Coworker: “My client took FMLA, and I need you to contact (our liaison in another office) We need to know if we have to pay FMLA back I don’t know what FMLA is or anything about it.”

FMLA is the Family and Medical Leave Act, a labor law that requires companies to provide employees with job-protected, unpaid leave for accepted medical and family issues.

Me: “I know what FMLA is. It is up to twelve weeks of unpaid time off. I can send you a link that explains exactly what it is.”

Coworker: “No, we need to know if we have to pay someone back for the FMLA the client took.”

Me: “This is unpaid leave — unless she took short-term disability with the FMLA. The only thing to pay back in that case would be the short-term disability.”

Coworker: “No, I want you to email the liaison and find out for sure that FMLA does not have to be paid back.”

I didn’t understand why she couldn’t email the guy herself. I went ahead and sent him the email, and I was thinking he was going to think we were incompetent here. The liaison emailed me back and confirmed that the FMLA was unpaid leave time and there was nothing to pay back.
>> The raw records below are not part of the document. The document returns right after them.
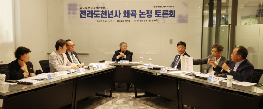 27일 오후 2시부터 남도일보 본사 회의실에서 진행된 긴급현안 ‘전라도천년사 왜곡논쟁’ 토론회에서는 편찬위원회를 대표한 3인과 시민단체 등을 대표하는 3인 등 총 6명이 패널로 나서 쟁점별 논쟁을 진행했다.
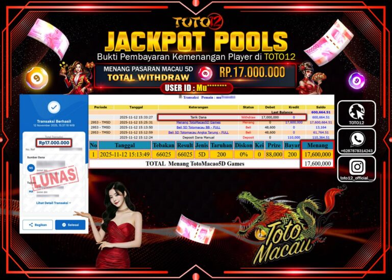 Selamat kepada Member Kami Mu****** Telah Jackpot dan berhasil mendapatkan kemenangan besar pada permainan JACKPOT POOLS PASARAN (MACAU 5D) Dengan Kemenangan Sebesar Rp.17.000.000 –. Setelah mengisi Fomulir Withdraw dengan Kurang waktu 1-2 Menit Dana sudah kami Trasnfer kepada Pemilik Userid dan dana sudah dapat di cairkan oleh pemenang. Bukti Pembayaran yang TOTO12 berikan merupakan Bukti Pembayaran…
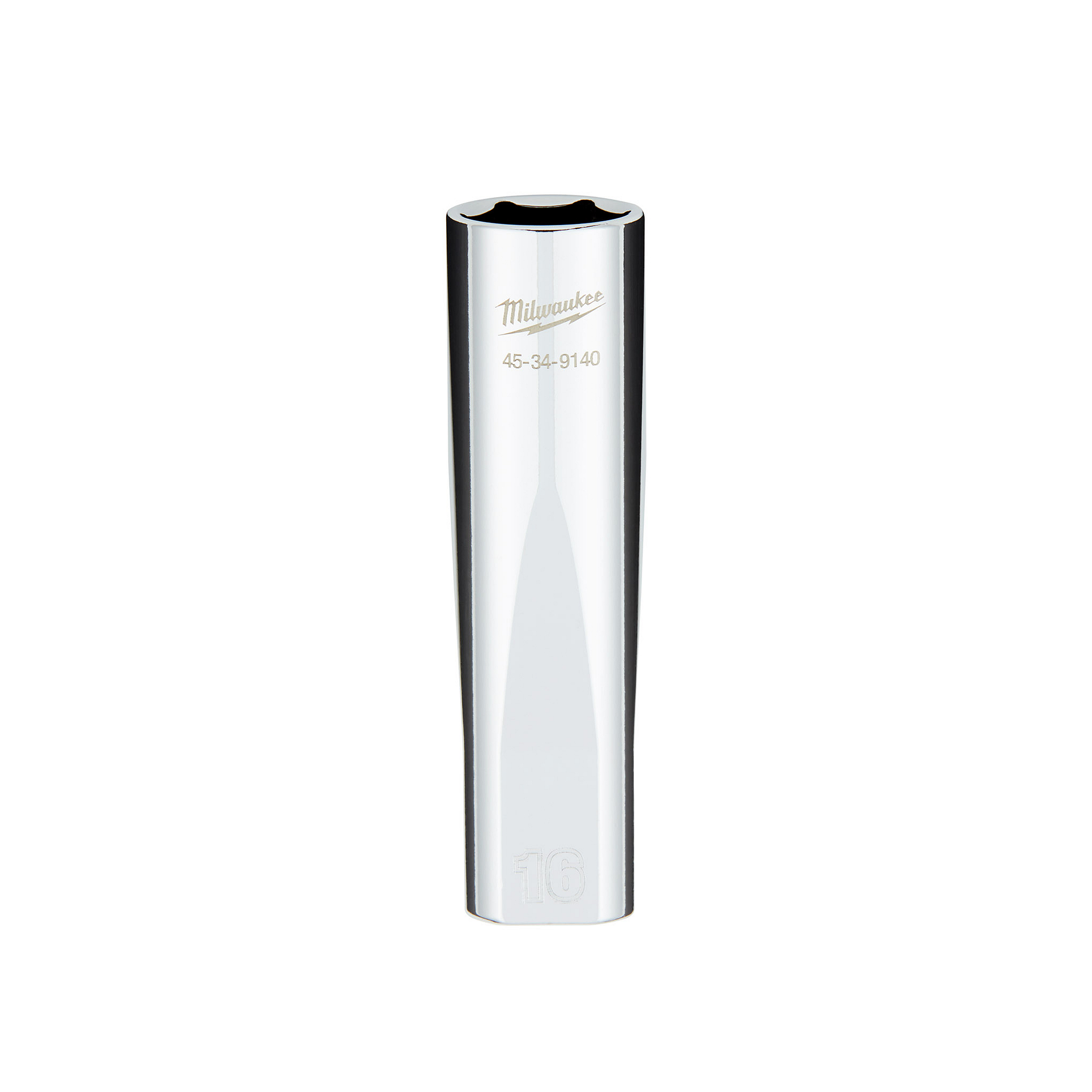 The MILWAUKEE® 1/2″ Drive 16mm Metric 6-Point Deep Socket with FOUR FLAT™ Sides was designed from the ground up to be part of the most versatile socket family. The 1/2″ drive sockets are wrench-ready and feature an innovative design with four parallel flat sides to deter rolling. Metric socket sizes are stamped into the flats for better visibility. Optimized deep well socket geometry helps reduce bolt rounding and stripping.
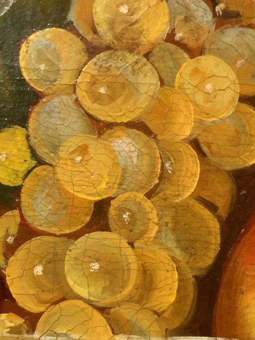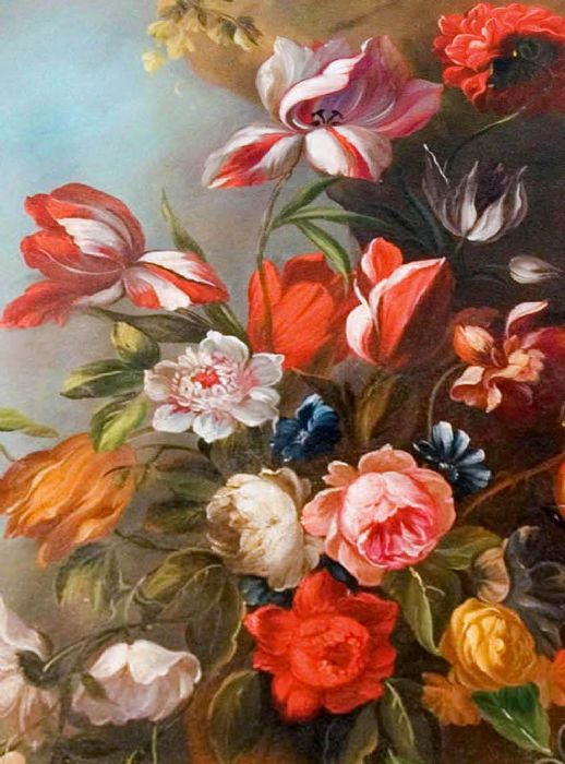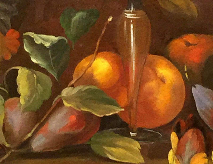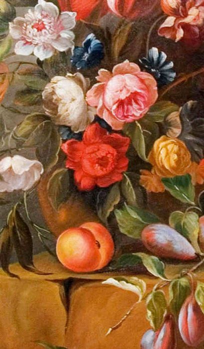 Se notiamo vi sono fiori e frutta che non appartengono allo stesso periodo dell’anno. Quindi nel dipingere egli ha dovuto attendere e perciò “sospendere” di dipingere nell’attesa che alcuni fiori sbocciassero e che la frutta venisse raccolta. In entrambi i quadri vi sono fiori primaverili come i tulipani, narcisi, peonie, primule, dalie (quasi estive) e rose. La frutta estiva rappresentata dalle pesche che vengono anche accolte entro una fruttiera di vetro finissimo assieme a tralci e grappoli di uva, frutta autunnale, come le mele, le pere e le prugne. Nell’atro quadro le pesche si intravvedono all’interno di un piatto in ceramica bianca con decorazioni blu, sempre in compagnia di un grappolo d’uva nera e tralco di vite e, adagiate sulla roccia, mele e pere.

I called [Coworker] and told her this, and I sent her the link to read about FMLA. 

About three months later, [Coworker] called me.

Coworker: “Did you ever find out if the FMLA has to be paid back?”

Me: “Yes, I did, and I let you know months ago that it does not have to be paid back. Did you read that link I sent you that explains FMLA?”

Coworker: “No. I don’t know anything about FMLA.”

Me: “Okay. FMLA is twelve weeks of unpaid leave. FMLA is job protection. It doesn’t have anything to do with money. So there will be nothing to pay back.”

Coworker: “Okay, I’m confused. Should we be paying somebody back?”

Me: “No, it’s only unpaid leave time. The client didn’t get paid when she took FMLA.”

Coworker: “I’m still not sure about that. Can you call around and ask if we are supposed to be paying anything back for the FMLA?”

Me: “There’s no one to call. As I explained, FMLA is only unpaid leave time and job protection. It’s not like Worker’s Compensation.”

Coworker: “I still don’t know if that’s right.”

Me: “In my previous job, we learned about FMLA, and from my experience, it is unpaid leave time, and it is job protection. There is nothing to pay back since no money was paid to the client.”

Coworker: “I would feel better if you would just call someone to ask.”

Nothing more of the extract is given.